#### Task goal:
Quote the listing in full, exactly as given, minus any pictures.

#### Dataset section:
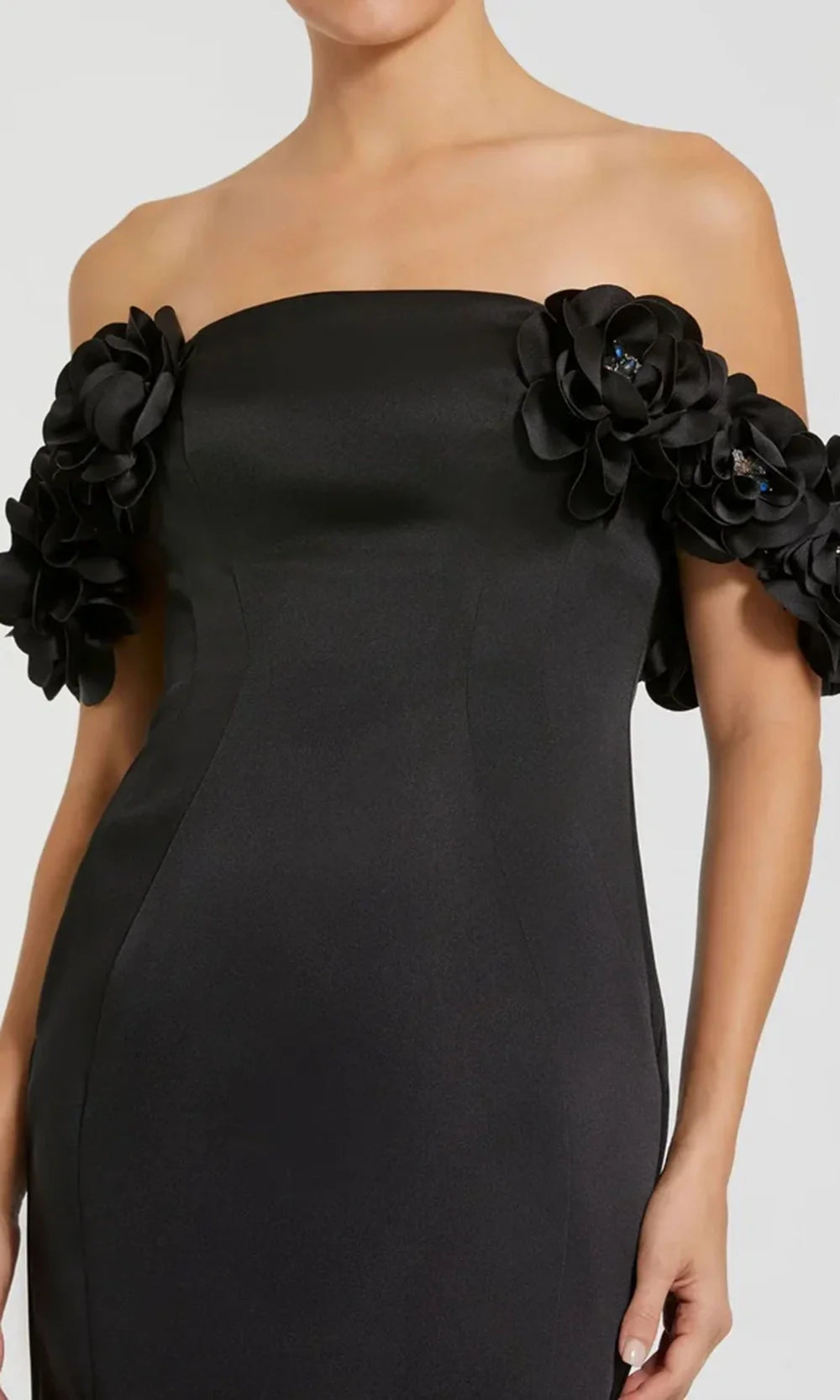 True evening style emerges in this Mac Duggal 11872 showstopping piece designed to capture attention effortlessly. The gown highlights the collarbone with an off shoulder neckline, complemented by 3D floral cap sleeves. Its smooth fitted bodice transitions into a sleek sheath skirt that extends to the floor, showcasing elegance in every step. Created for women who appreciate detail and balance, this gown is suited for the most memorable occasions. Wearing Mac Duggal 11872 is a celebration of refined taste and classic glamour. Model is wearing Black color.
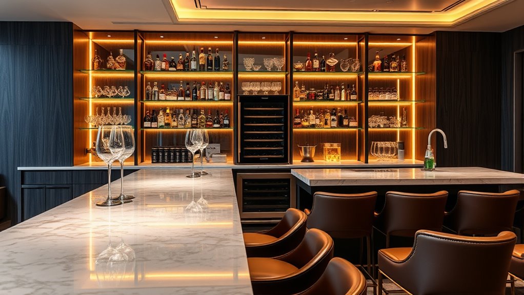 When selecting a luxury home bar setup, I focus on the durability of materials and the variety of tools included to guarantee longevity and versatility. I also consider how well the setup fits my space with smart storage options and how it complements my style aesthetically. Finally, I weigh the price against the value it offers to make a choice that’s both elegant and practical.
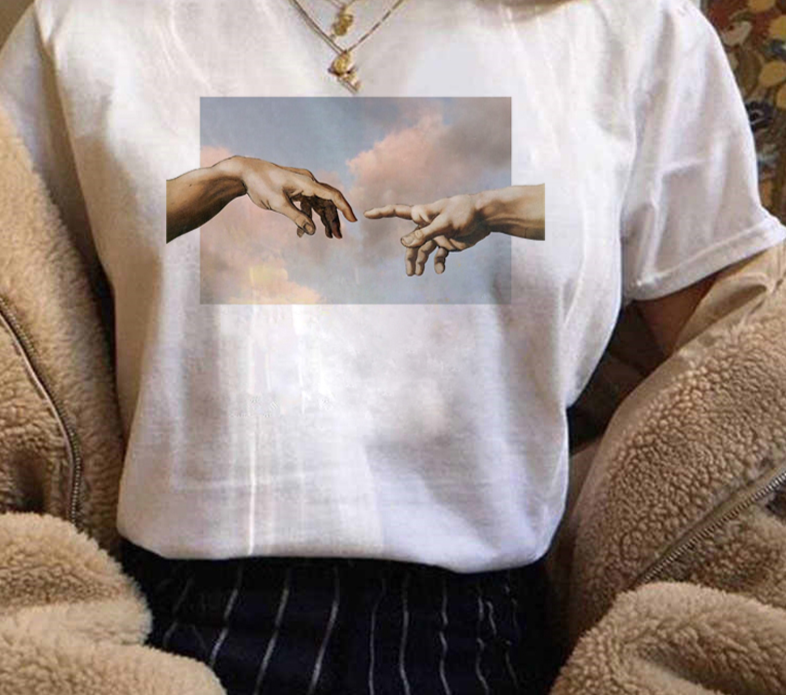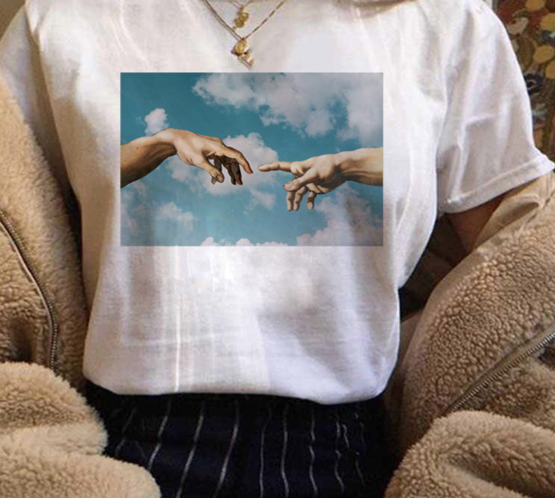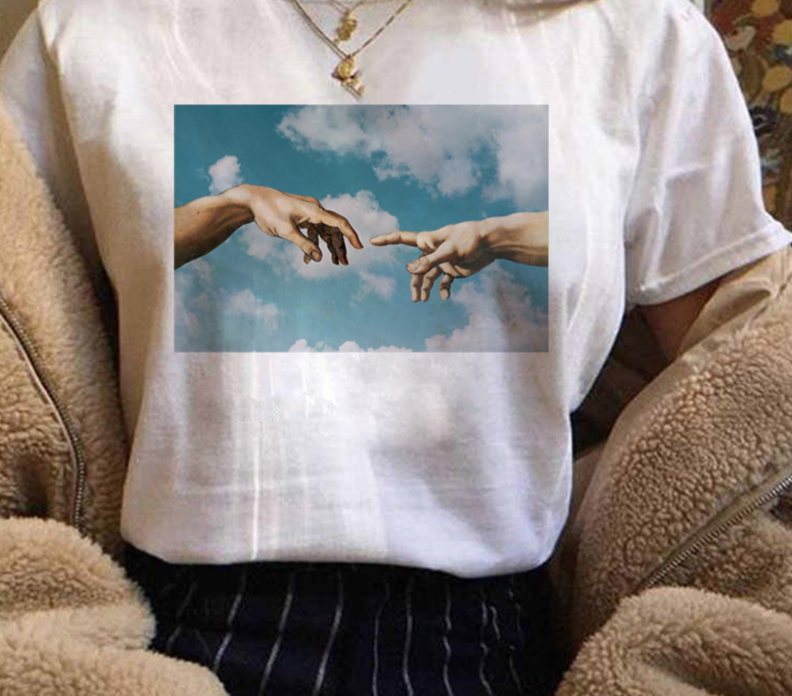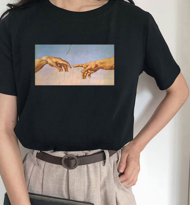 T-shirt da donna con stampa di pittura a olio artistica

#### Task answer:
 True evening style emerges in this Mac Duggal 11872 showstopping piece designed to capture attention effortlessly. The gown highlights the collarbone with an off shoulder neckline, complemented by 3D floral cap sleeves. Its smooth fitted bodice transitions into a sleek sheath skirt that extends to the floor, showcasing elegance in every step. Created for women who appreciate detail and balance, this gown is suited for the most memorable occasions. Wearing Mac Duggal 11872 is a celebration of refined taste and classic glamour. Model is wearing Black color.
 When selecting a luxury home bar setup, I focus on the durability of materials and the variety of tools included to guarantee longevity and versatility. I also consider how well the setup fits my space with smart storage options and how it complements my style aesthetically. Finally, I weigh the price against the value it offers to make a choice that’s both elegant and practical.
 T-shirt da donna con stampa di pittura a olio artistica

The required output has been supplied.